Fluocinolone Acetonide Intravitreal Implant in the Visual Axis

Author Affiliations
  • 1UC Davis Eye Center, University of California–Davis, Sacramento, California

Copyright 2016 American Medical Association. All Rights Reserved. Applicable FARS/DFARS Restrictions Apply to Government Use.

JAMA Ophthalmol. 2016;134(9):1067-1068. doi:10.1001/jamaophthalmol.2016.0807

A man aged 48 years was followed up for bilateral proliferative diabetic retinopathy, having previously been treated with panretinal photocoagulation as well as macular laser for diabetic macular edema (DME) in each eye several years ago. The left eye had undergone pars plana vitrectomy for the repair of a macula-involving tractional retinal detachment, but despite anatomical success, visual acuity remained count fingers, presumably due to a loss of retinal tissue from macular ischemia.
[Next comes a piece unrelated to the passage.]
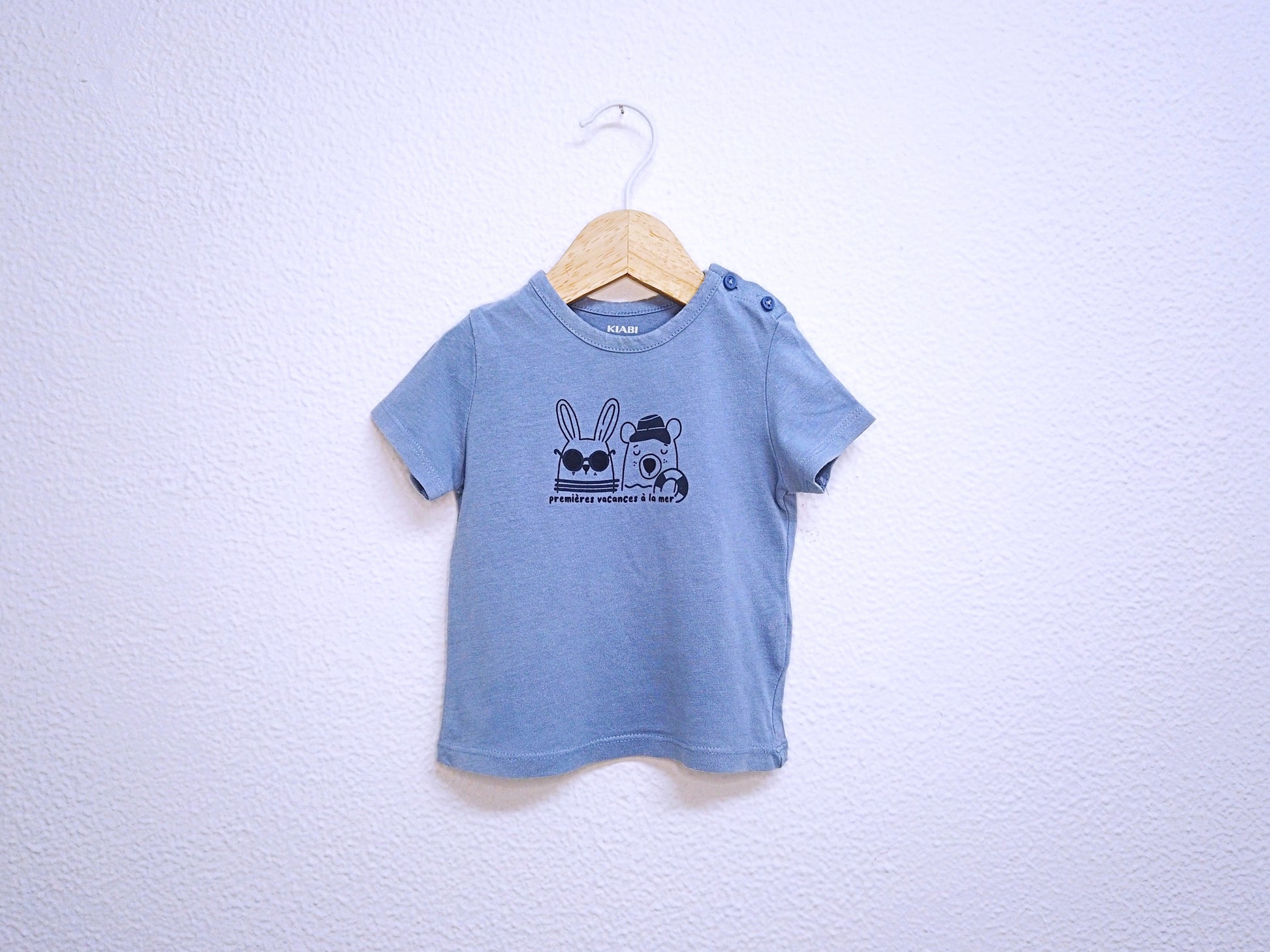 T-shirt azul seco com frase. Estilo Prático para o teu bebé de 3 - 6 meses (67cm) 👦🕶️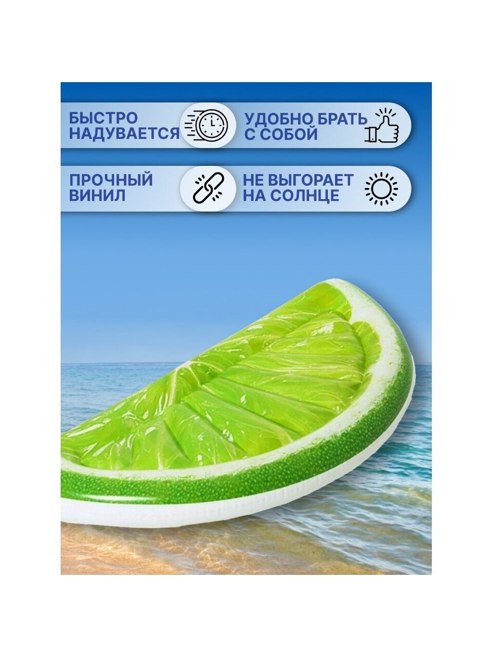 Получите сладкий вкус тропиков с помощью матраса для плавания Bestway Тропический лайм! Яркий, запоминающийся дизайн отлично подойдет к лайму в вашем напитке. В следующий раз, когда вы будете у бассейна, озера или на пляже, плавающий матрас Bestway Тропический лайм непременно произведёт фурор.

The right eye had undergone cataract extraction with intraocular lens implantation and a pars plana vitrectomy for nonclearing vitreous hemorrhage. After this surgery, the patient was treated for persistent DME and received multiple intravitreous injections of bevacizumab, ranibizumab, triamcinolone acetonide, and a dexamethasone intravitreal implant, but the DME persisted, and visual acuity was 20/70 OU. Therefore, a fluocinolone acetonide intravitreal implant (ILUVIEN; Alimera Sciences Inc) was injected. Soon after the procedure, the patient began complaining of a large, linear “floater” in his central vision, which was very disturbing to him. On examination, the implant was seen in the middle of the vitreous cavity in a vertical orientation and in the visual axis (Figure 1). The patient was observed for 2 weeks with the hope the implant would settle down or move out of the visual axis, but this did not happen.